Your assignment: Leave the pictures out and repeat the rest of the data below exactly.

Segment Start: Extracted information

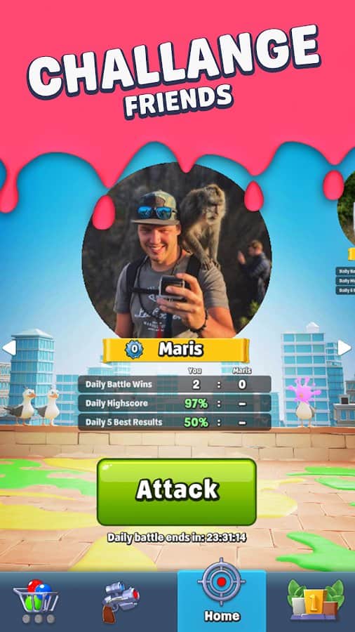 Boya Savaşları – çok eğlenceli ve çok yönlü bir oyun, bunu arkadaşlarınızla deneyimleyebilirsiniz. Profilinizi kaydettirmeniz ve bir fotoğraf eklemeniz gerekecek, gerçek adınızı yazın veya bir takma ad düşünün. Mevcut lokasyonlardan birine gidin ve paintball oynayın. Size orman, dağlık alanlar ve hatta bir şehir dükkânı sunulacak. Stoklarınızı yenileyin ve saldırıya uğramaktan kaçının, eğlenceli sürecin tadını çıkarın ve bolca keyif alın. İlk saldıran olun ve atışlardan kaçının, sıralamada ilerleyin.
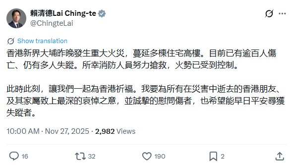 賴清德今日在社群平台X發文寫道,香港新界大埔昨晚發生重大火災,蔓延多棟住宅高樓,目前已有逾百人傷亡、仍有多人失蹤,所幸消防人員努力搶救,火勢已受到控制。「此時此刻,讓我們一起為香港祈福。」同時也為所有在災害中逝去的香港朋友及其家屬致上最深的哀悼之意,並誠摯的慰問傷者,也希望能早日平安尋獲失蹤者。
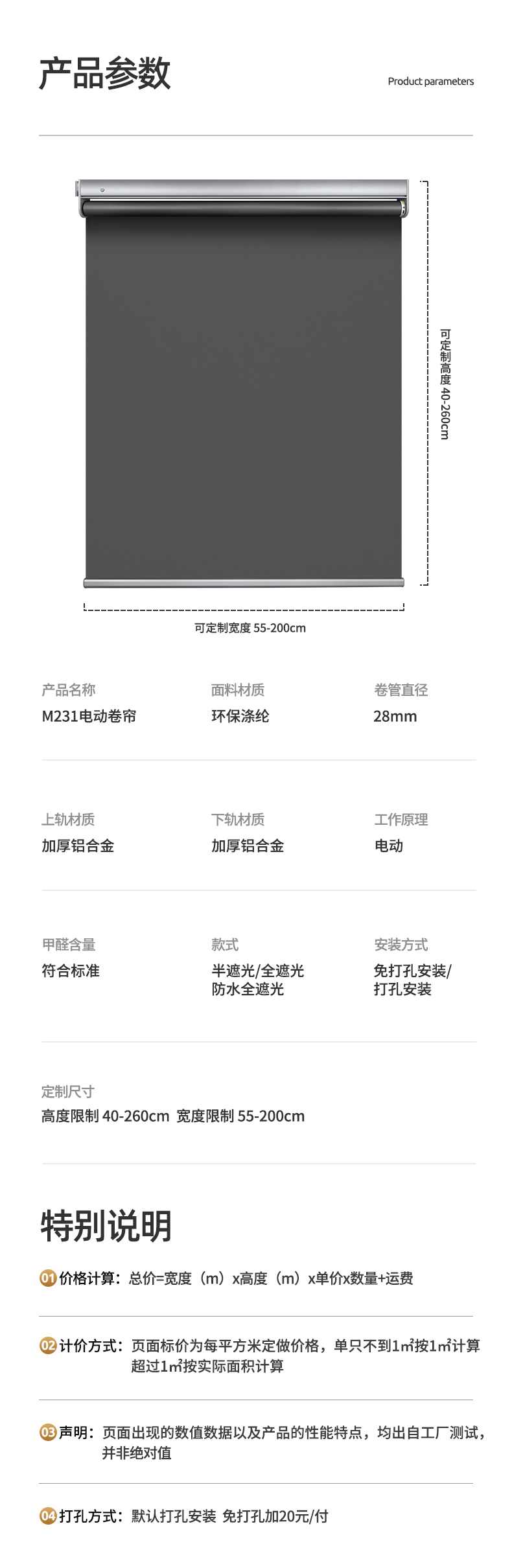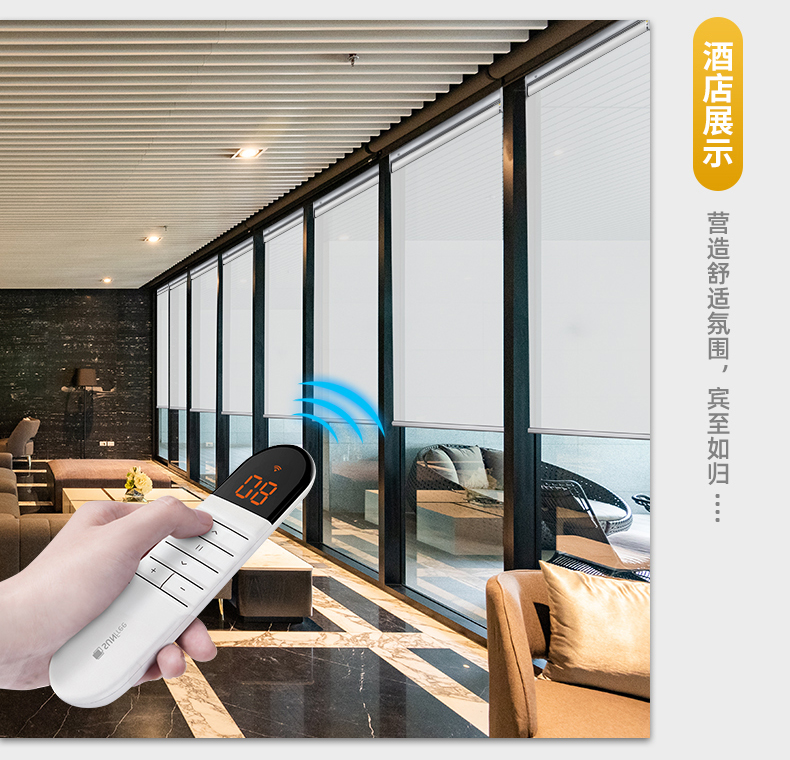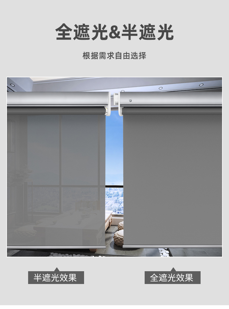 펀치 프리 전기 롤러 블라인드, 완전 차광 및 차양, 사무실 홈 스마트 원격 제어 자동 리프팅 커튼
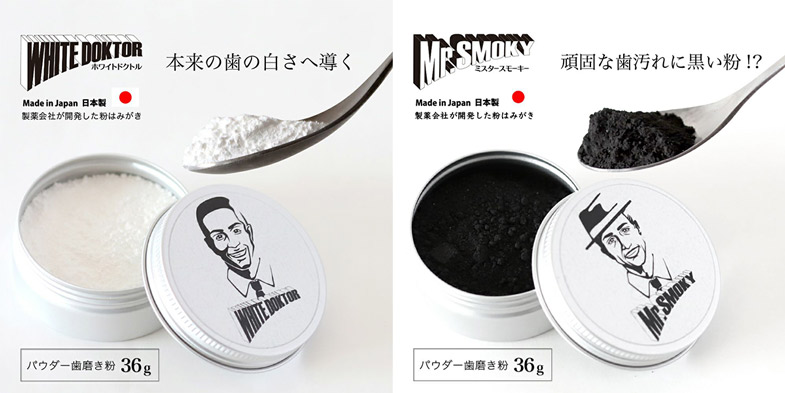 神戸製薬はパウダーが、“強力な研磨力を持ち、磨き残しが一目でわかる”真っ黒な歯磨き粉「ミスタースモーキー」と、歯をケアしながら“白く歯を着色する歯磨き粉”「ホワイトドクトル」を開発。歯ブラシを直接製品につけないように衛生面にも配慮し、「専用の衛生アダプター」を装着。歯ブラシにパウダーを振りかける仕組みにしました。
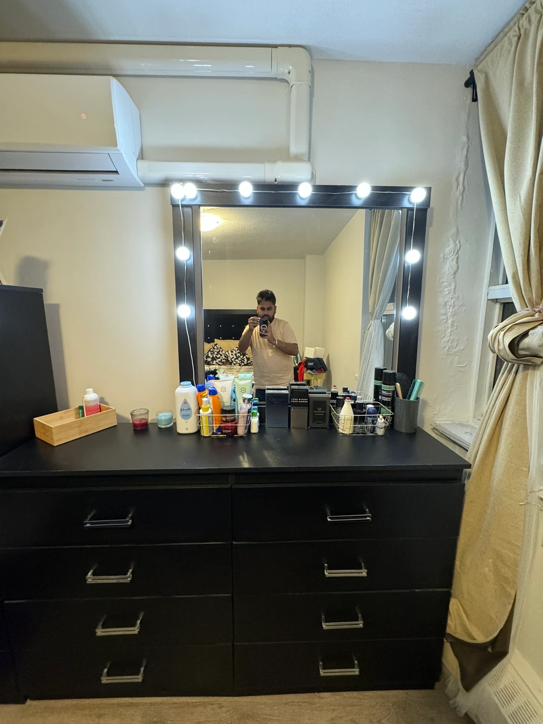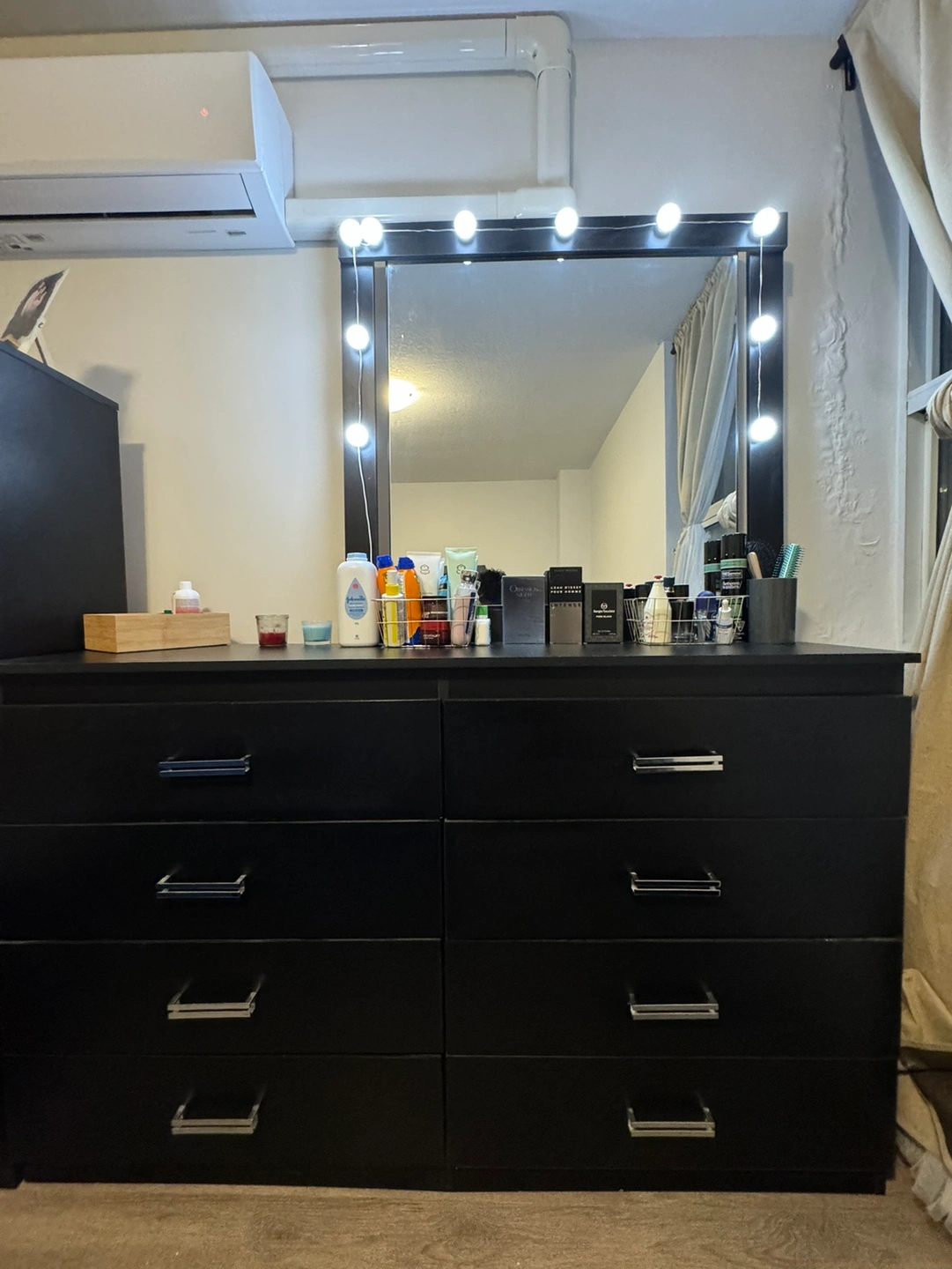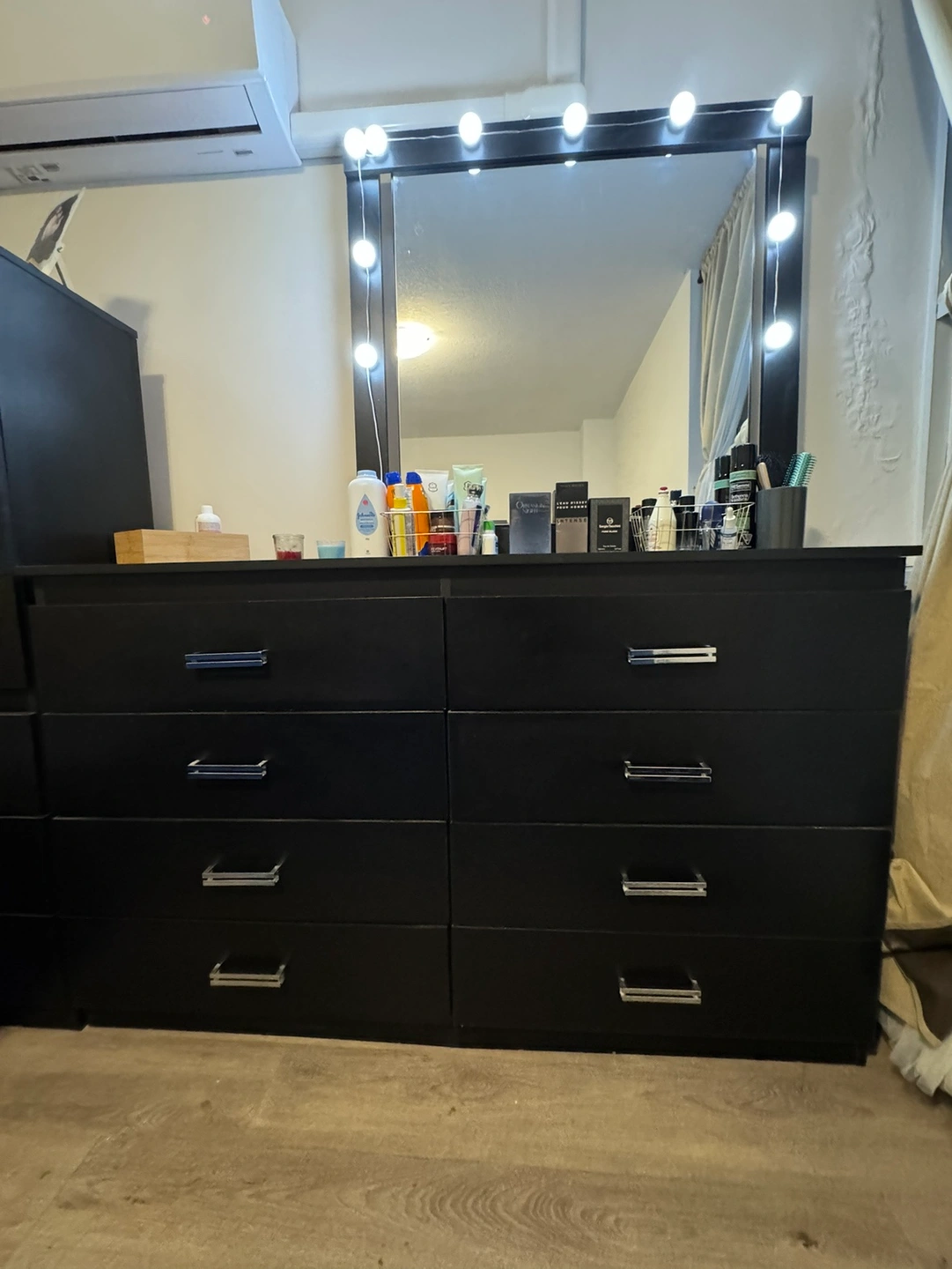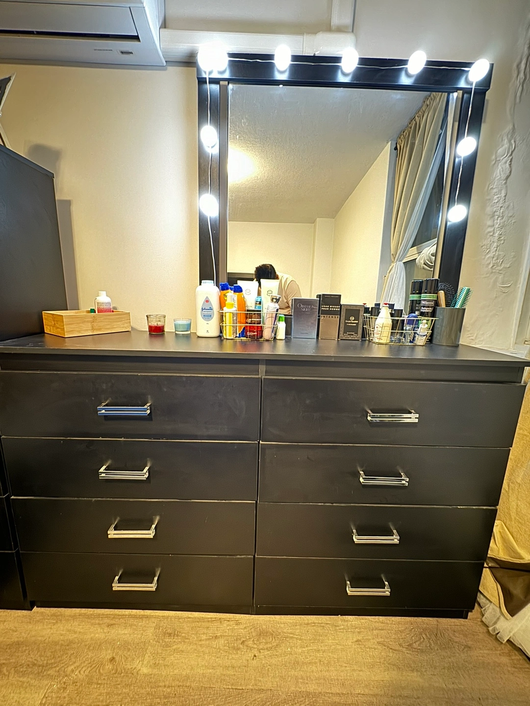 13Black vanity with six drawers and a mirror with lights. The mirror and lights are attached to the vanity.

Segment End: Extracted information

Exercise solution:
 Boya Savaşları – çok eğlenceli ve çok yönlü bir oyun, bunu arkadaşlarınızla deneyimleyebilirsiniz. Profilinizi kaydettirmeniz ve bir fotoğraf eklemeniz gerekecek, gerçek adınızı yazın veya bir takma ad düşünün. Mevcut lokasyonlardan birine gidin ve paintball oynayın. Size orman, dağlık alanlar ve hatta bir şehir dükkânı sunulacak. Stoklarınızı yenileyin ve saldırıya uğramaktan kaçının, eğlenceli sürecin tadını çıkarın ve bolca keyif alın. İlk saldıran olun ve atışlardan kaçının, sıralamada ilerleyin.
 賴清德今日在社群平台X發文寫道,香港新界大埔昨晚發生重大火災,蔓延多棟住宅高樓,目前已有逾百人傷亡、仍有多人失蹤,所幸消防人員努力搶救,火勢已受到控制。「此時此刻,讓我們一起為香港祈福。」同時也為所有在災害中逝去的香港朋友及其家屬致上最深的哀悼之意,並誠摯的慰問傷者,也希望能早日平安尋獲失蹤者。
 펀치 프리 전기 롤러 블라인드, 완전 차광 및 차양, 사무실 홈 스마트 원격 제어 자동 리프팅 커튼
 神戸製薬はパウダーが、“強力な研磨力を持ち、磨き残しが一目でわかる”真っ黒な歯磨き粉「ミスタースモーキー」と、歯をケアしながら“白く歯を着色する歯磨き粉”「ホワイトドクトル」を開発。歯ブラシを直接製品につけないように衛生面にも配慮し、「専用の衛生アダプター」を装着。歯ブラシにパウダーを振りかける仕組みにしました。
 13Black vanity with six drawers and a mirror with lights. The mirror and lights are attached to the vanity.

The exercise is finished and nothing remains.